Re: Cloud
> Almost anything that requires recurrent payment should be run by government.
That's quite a broad category. Supply of chips for the canteen? Loo rolls?
>>Design and manufacture their own servers?
>This is one off. No need unless there is a national security concern.
They're not one-off, you refresh them on a frequency similar to that of a reserved cloud instance. So why is building, integrating and running your data centre more important than building, integrating and supporting your own server components instead of buying Dell? Is it possible your job may be related to the former.
>> Create their own hypervisors, integrated into custom silicon?
> No need. There are open-source and free hypervisors. Current commercial offerings of silicon are adequate.
Everyone loves something someone else declared as on their behalf as "adequate". Show me the commodity equivalent of AWS Nitro System. "No need" depends on your use cases and non-functional requirements.
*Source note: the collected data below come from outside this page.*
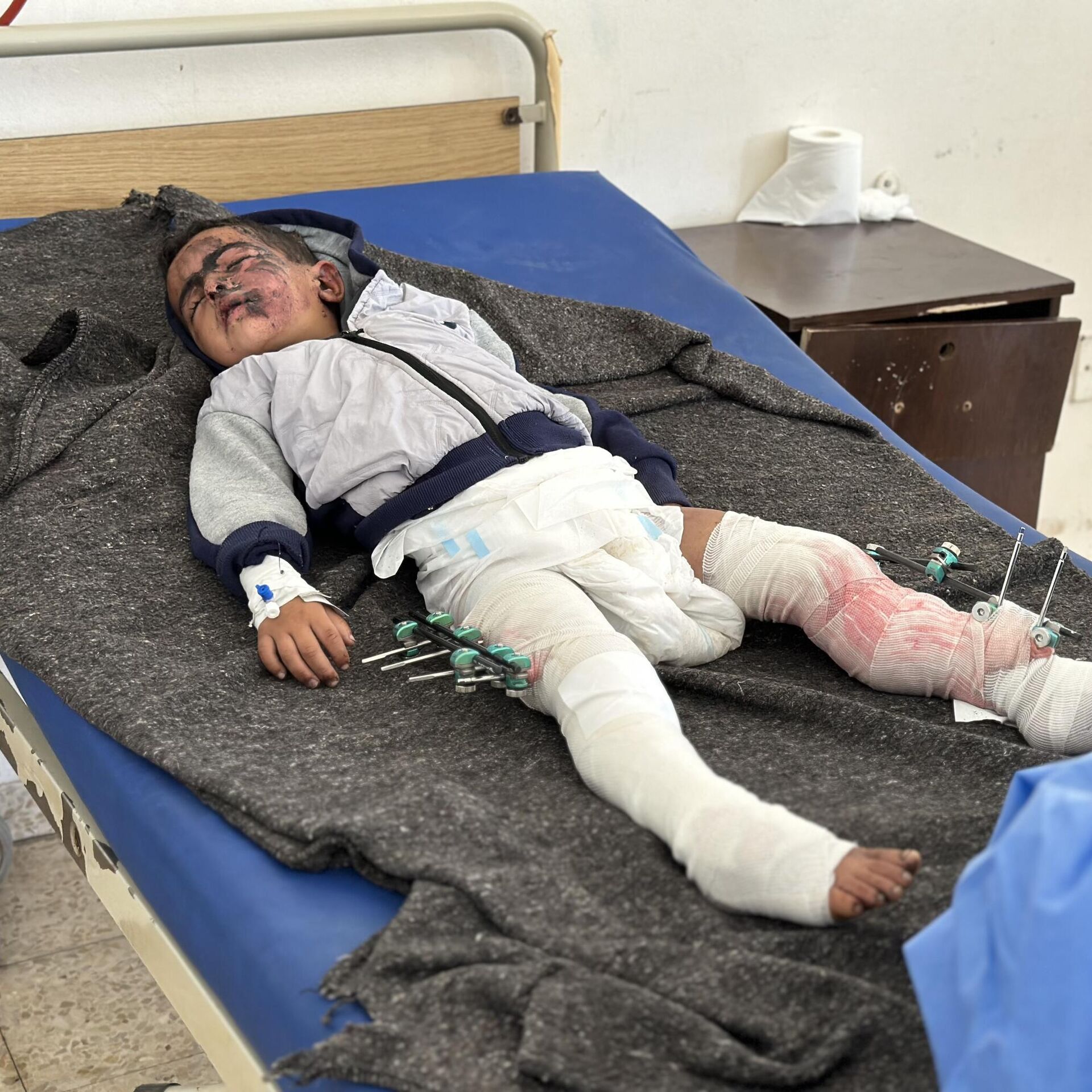 وحسب العرجاني، " يعاني الطفل من حروق في مناطق مختلفة من الجسم، بالإضافة إلى كسر في الفخذ الأيمن والقدم اليسرى، وهي كسور معقدة، ويعاني من إصابة في العين اليسرى، تتم معالجتها حاليا".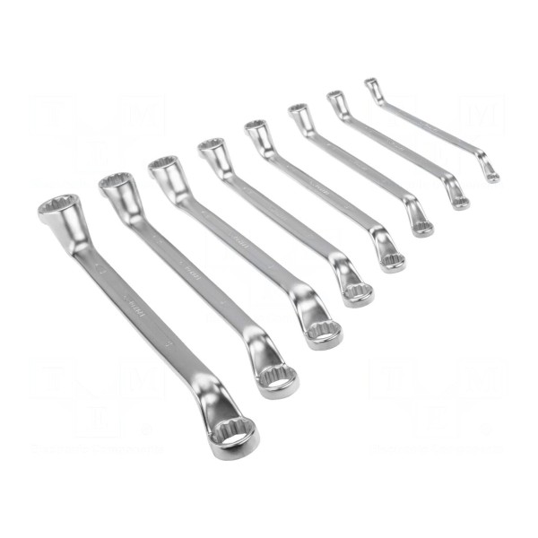 Zestaw zawiera 8 sztuk kluczy oczkowych. Narzędzia wykonane są ze stali stopowej, co zapewnia wymaganą wytrzymałość podczas prac warsztatowych.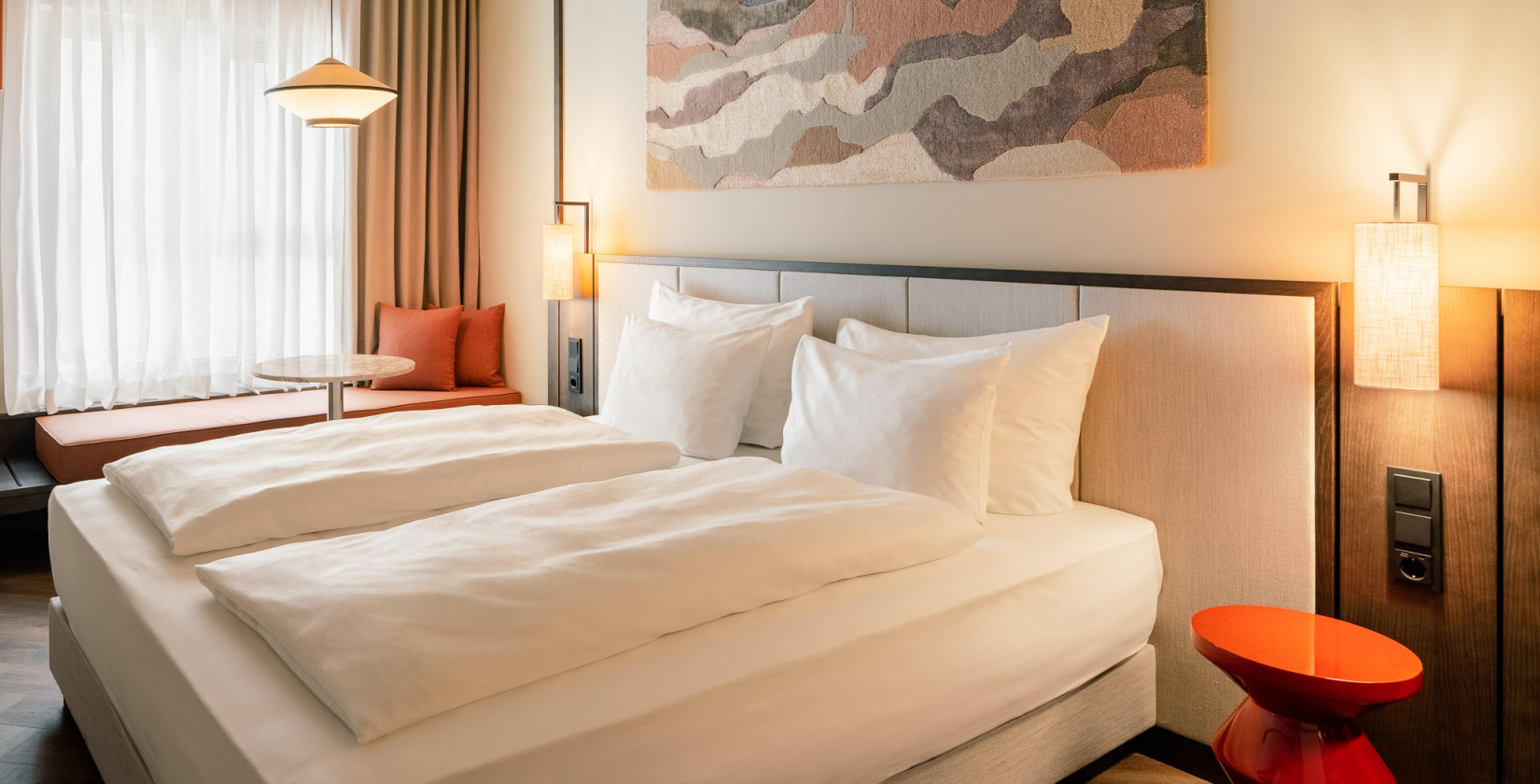 Während du auf einem privaten Balkon die Sonne genießen und dabei das Treiben im Garten beobachten kannst, lädt die Ausstattung deines Smart Balcony Zimmers zum Entspannen ein. Das Doppelbett mit Federkernmatratze verspricht erholsamen Schlaf, die Regendusche erfrischt nach einem ereignisreichen Tag und der praktische Arbeitsplatz macht dein Zimmer auch für kurze Arbeitsmomente ideal.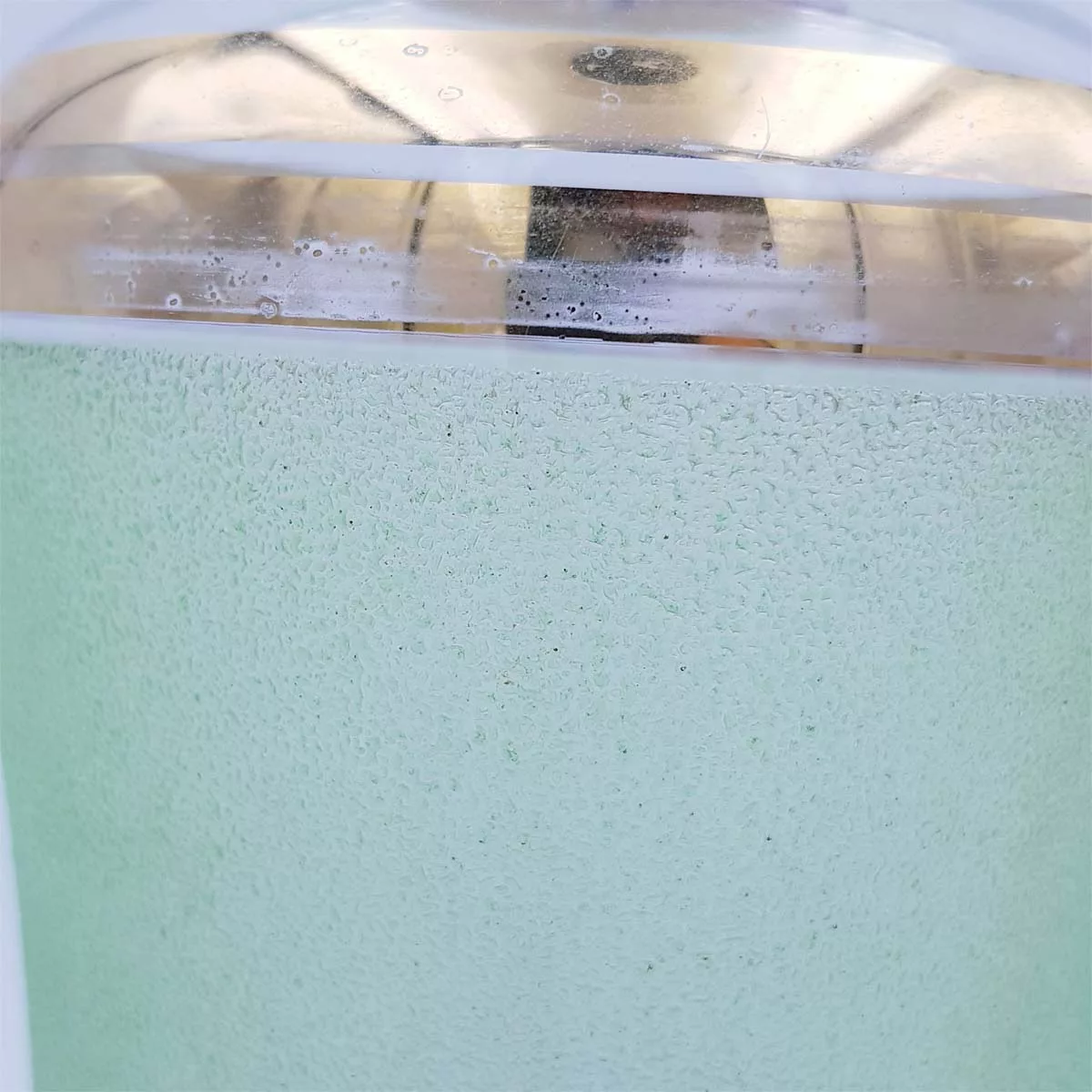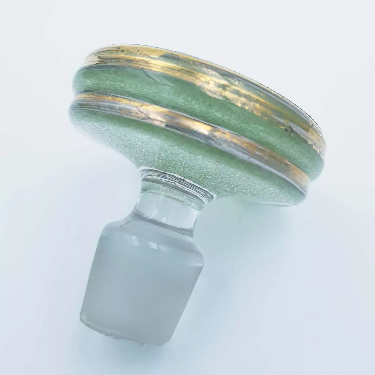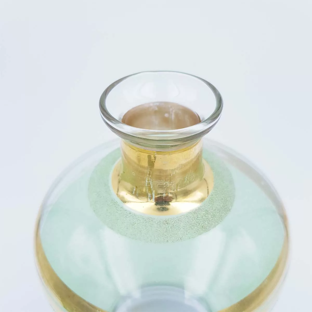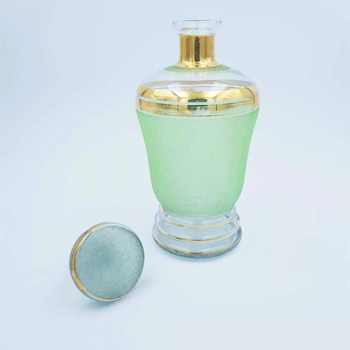 Made of a grainy-textured and slightly opaque glass, its green tones and golden-coloured borders will give a new taste to your Scotch, cognac or vodka.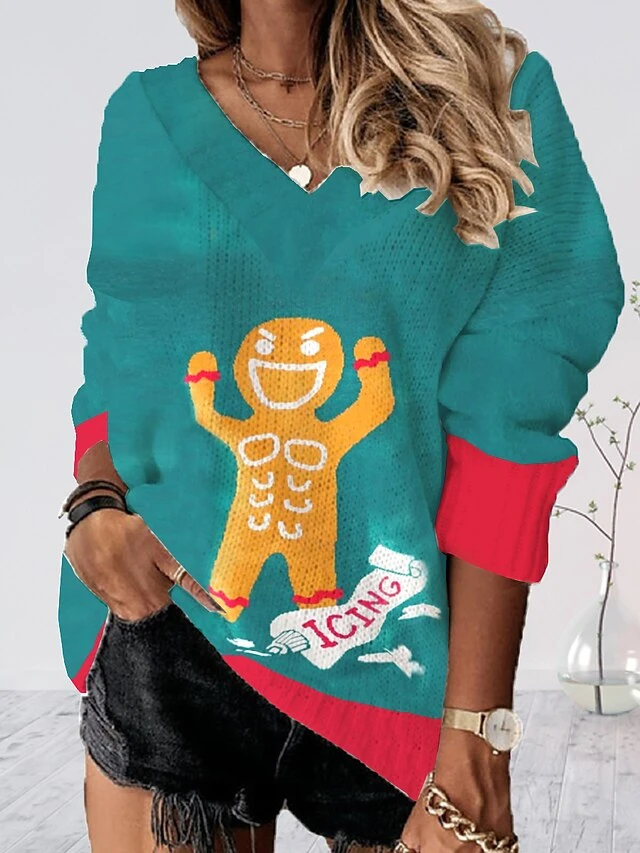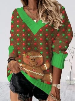 Women’s Ugly Xmas Sweater Pullover Sweater Jumper Crochet Knit Regular Print Polka Dot V Neck Stylish Casual Christmas Drop Shoulder Fall Winter Green Khaki S M L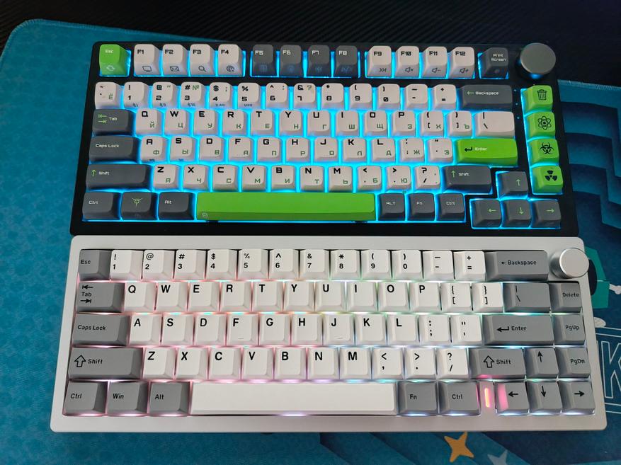 | Клавишные колпачки: | Двойные колпачки для клавиш из PBT-профиля вишни |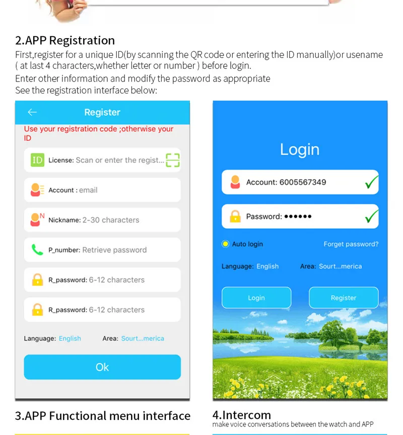 Note: Before order this watch, please make sure your country supports 2G networks. We can't accept bad feedback for this reason. The system language of the watch is English or Russian. The APP language of the watch supports the language of most countries. In order to prevent the child from shutting down, the watch will not be able to shut down after inserting the SIM card. Please remotely control the shutdown through the APP. (If forced shutdown is required, please press the switch at least 8 times in succession, or take out the SIM card then turn it off) Feature 🎁Birthday’s gift for kids, Kids Smartwatch, The best gifts to show you love. It will bring a lot of happiness for the kids.It will be the best gift for you lovely little angle's birthday. ✨2019 Kids Smartwatch Waterproof function including :LBS, Waterproof, Camera, Two-way call, SOS emergency call, Clock, Game, etc. 🆘SOS Emergency Call:When in distress, Kids can press the SOS key for 3 seconds to circularly call families' numbers for help.You can set up to 3 SOS numbers.Great help for kids in emergency situation! 🚩AGPS+LBS Position:Double position technology based on AGPS,Location Base on Cell Tower Station means double safety for kids. Realize all-day real-time location tracking, more accurate positioning, children just click SOS to connect the phone, At the same time, parents can check the location anytime, anywhere by SMS, iOS or Android APP. 🎁WARRANTY&SUPPORT:: Please feel free to contact us, we will provide you with a one-year warranty. If you meet some problem in setting the watch. Please contact us before returning it back. We will make a reply in 24 hours to help you to solve the problem. 🔅Q:How to set it up? A:1. Choose a SIM Card: You need to choose a micro sim card supports GSM network(not CDMA). Open 2G digital service and caller ID service. In US. We recommend T-Mobile. 2. download the application SeTracker or SeTracker2. 3. Register with the registration ID on the back cover of the watch. 4. Log in and get all the features. 🔅 Install the Setracker App. And then scan the QR code behind the watch to register an account. If you can't register it .Then please provide the IMEI number to us , we will help you register it successfully. 🔅 How to solve "device offline" problem? 1.Check whether there are signal bars and "↑↓" symbol on the watch. 2.If there is no signal bars, please check whether the sim was inserted correctly, and go to a good signal place and check it. 3.If there is no "↑↓" symbol, please open the data and voice plan for the sim card. 4.If there are signal bars and "📶" mark, But watch still was showing offline even though ▲NOTE:The first important thing to do was to check the watch settings by sending it a text message as follows: pw,123456,ts# A few moments later you got a text message back from the watch that showed it had an incorrect IP addres setting. This was resolved by sending the watch another text message as follows pw,123456,imsi# At this point the app started working with the watch. If there are still problems,Please feel free to contact us and send the text messages' screenshots to me, I'll try to help you solve the problem. Package List 1 x Kids Waterproof Smartwatch (not include sim card) 1 x USB Cable 1 x Kids watch quick start guide 1 x Screwdriver 1 x Spare screws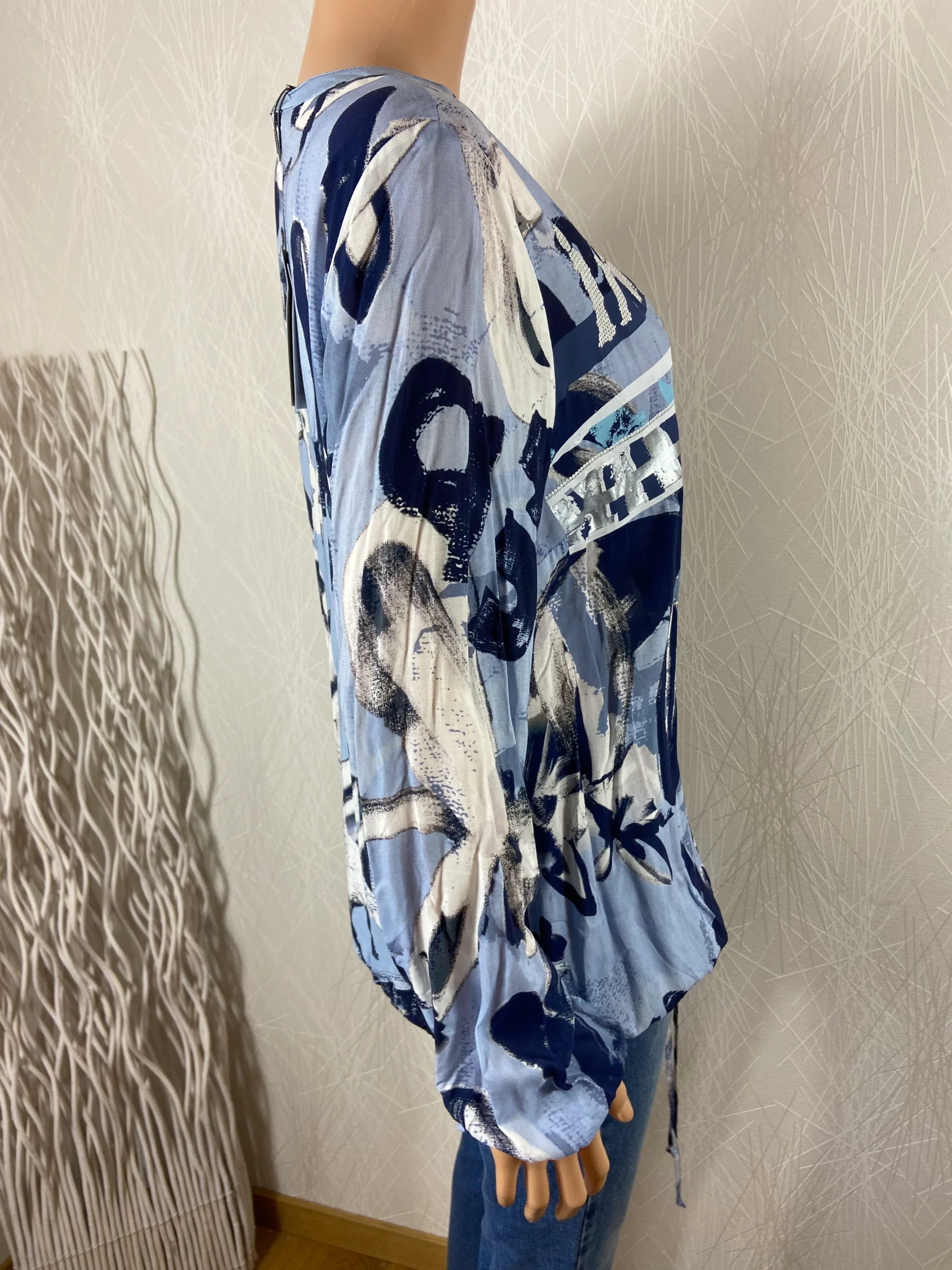 Blouse pour femme, coupe décontractée chic, un joli imprimé sur toute la surface avec des touches argentées, col mandarin encolure en V ouvert. Cette blouse est à manches longues volumineuses avec des poignets élastiqués, le bas de la blouse est également élastiqué et a un cordon en décoration. Matière : 100% viscose Couleur : Bleu […]
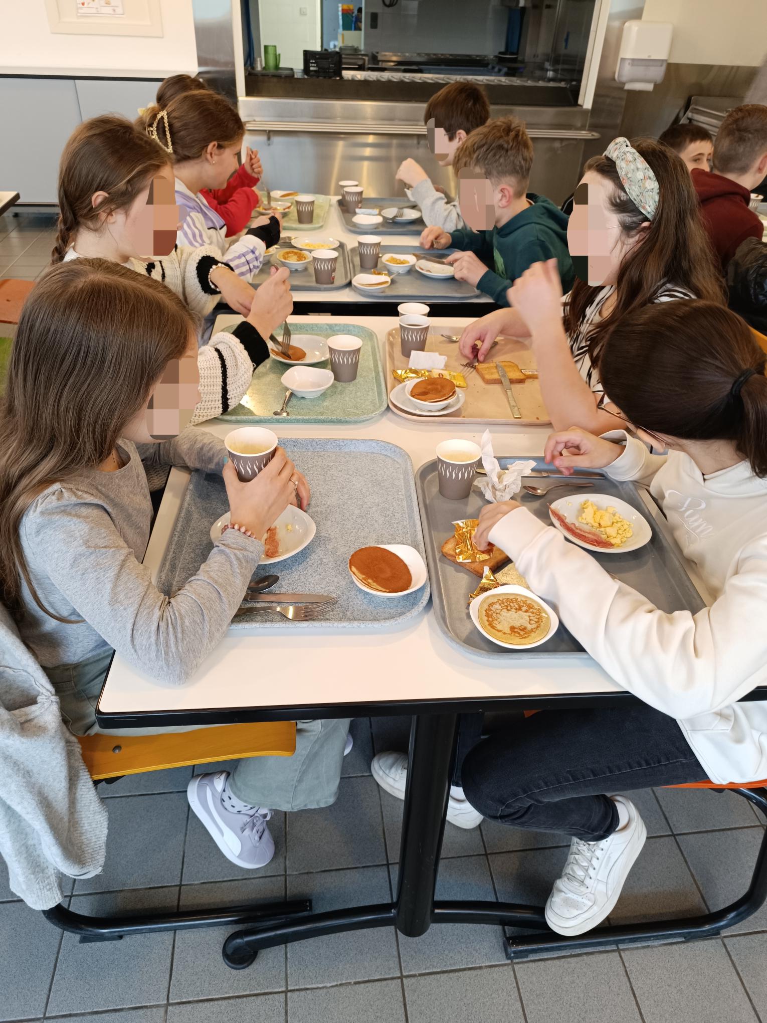 Ce lundi 23 février 2026, à 8h30, les 2 classes de 6ème ont eu droit à un “English breakfast” typique préparé par l’équipe de la cantine.
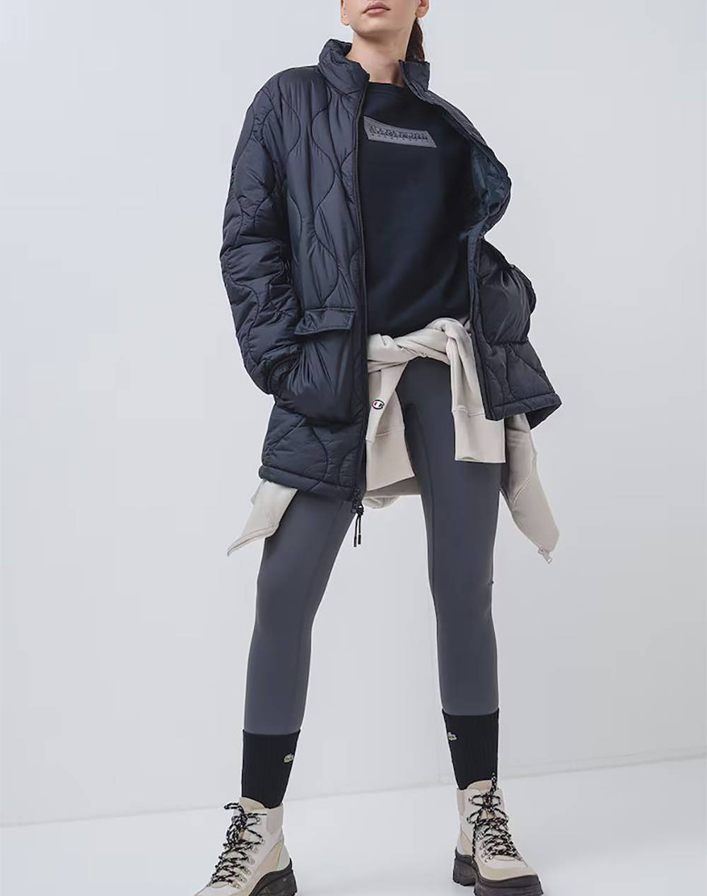 Μπουφάν, σε κανονική γραμμή, με καπιτονέ σχέδιο, μπροστινές τσέπες, ψηλό γιακά και κλείσιμο κατά μήκος με φερμουάρ. (Σύνθεση: 100% Πολυεστέρας)

> > - Run their own global fibre networks?
> This is an exception. But surely government could build a backbone network to connect data centres in different countries and could rent out surplus capacity.
> > - Design custom electrical substations?
> Energy supply should be run by the government. We should have a national supplier.
I'm picking up a theme here - it's not just clouds, you seem to think the government should run much of the economy
> > - Design their own CPUs?
> > - Design their own AI accelerator chips?
> > - Create their own distributed databases and analytics tools, heavily integrated into the infrastructure stack?
> No need
Again, I'm sure the people who are currently spending money on these things (or the services that are made better and cheaper by them) appreciate your opinion that they're unnecessary. You can't go and buy an equivalent of Spanner off the shelf, let alone find an Open Source equivalent.
> though of course software development should be in-house as hiring big consultancies is expensive and delivers poor quality. Though this > would need a reform of finances, as currently public sector by design cannot employ specialists as they are unable to pay market rates.
I mostly agree with this actually. Once they've reformed finances and shown they can deliver bog standard enterprise IT inhouse, let's pick up the conversation later about trying to reproduce something the world's leading tech companies took 10-15 years to build out. Although we won't, because we'll probably be dead.
> > Being a cloud is an awful lot more than building out a datacentre...
> Nothing that cannot be built and tailored for government use and bring massive savings long term. Not to mention local jobs.
I'm not quite sure what you're basing this assertion on. Perhaps you designed and built one of the hyperscale clouds yourself, and it turned out to be unexpectedly easy?
> > they increasingly consume complex, integrated technology stacks that require engineering effort and operational investment way higher than a single mid-sized government can afford.
> That's nonsense. It can only fall apart by corruption.
Well, that's OK then. Because history teaches us that dramatic expansion of the state *never* results in rampant corruption.